The military institution "was and is still suffering from an administration that used to employ people, in the former regime, based on partisan affiliation. It was dominated by one party and engaged for political purposes away from its functional role, by being a guardian of the homeland and a protector of its borders," according to strategic expert Dr. Ahmed al-Sharifi.

"We currently operate in a democratic system, so we had anticipated the military institution would become independent. However, this goal has not been met, as quotas still apply to security and military institutions, which is a political taming of institutions that stand for protection for the internal and external front."

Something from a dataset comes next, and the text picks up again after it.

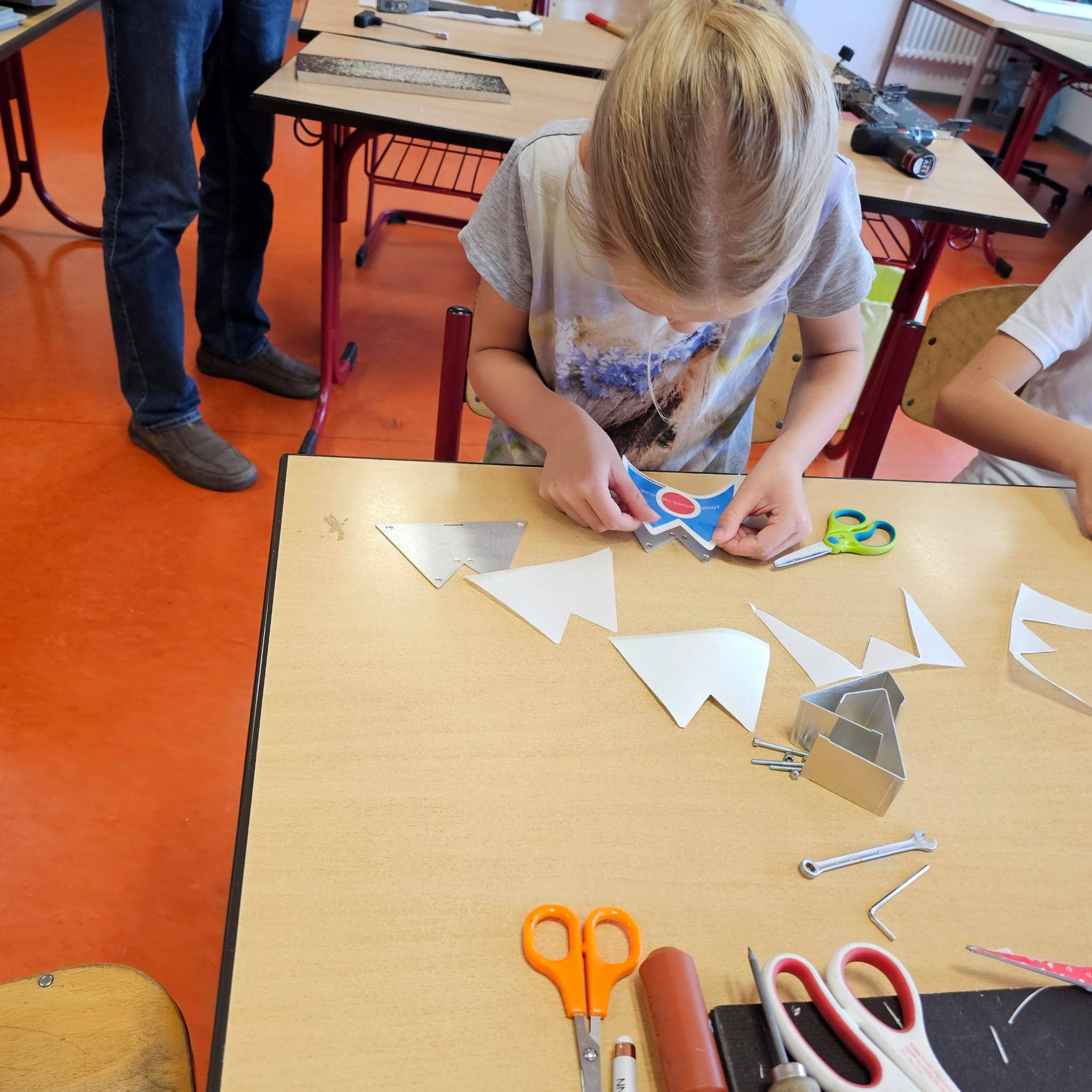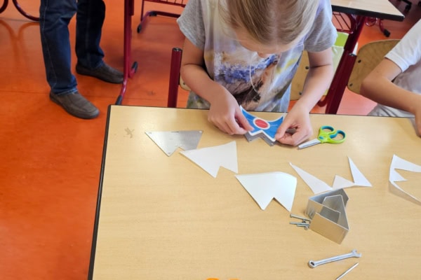 Im Elektrikerzimmer erfuhren sie die Grundlagen der erneuerbaren Energien, als sie ein kleines Windrad mit Solarmodul konstruierten, und im Metallbaubereich entstanden schließlich stabile Spardosen aus Metall. Die Kinder sammelten praktische Erfahrungen, verbanden Theorie mit Praxis und durften ihre selbst gefertigten Arbeiten stolz mit nach Hause nehmen.

He continued, "The military institution needs to enhance technical effort and improve combat skills by expanding training and development institutions for fighters. It also needs to improve the command and control system away from partisan quotas, secure a strategy to advance its reality, whether at the level of combat skills or the level of armament capabilities, commensurate with the challenges of the stage."

In addition, al-Sharifi emphasized the importance of "keeping the military institution away from political visions and orientations regarding cooperation with the Global Coalition and the U.S., as the country continues to require international assistance due to a conflict that has been described as a cross-border threat and requires high combat skills that national capabilities lack."

"Moreover, logistical support in the issue of satellites and electronic warfare, can only be achieved through international alliances and cooperation with major countries," he continued, stressing that "the military institution should be ruled by professionals and specialists from its members who believe in military honor and belonging to the homeland away from sub-identities."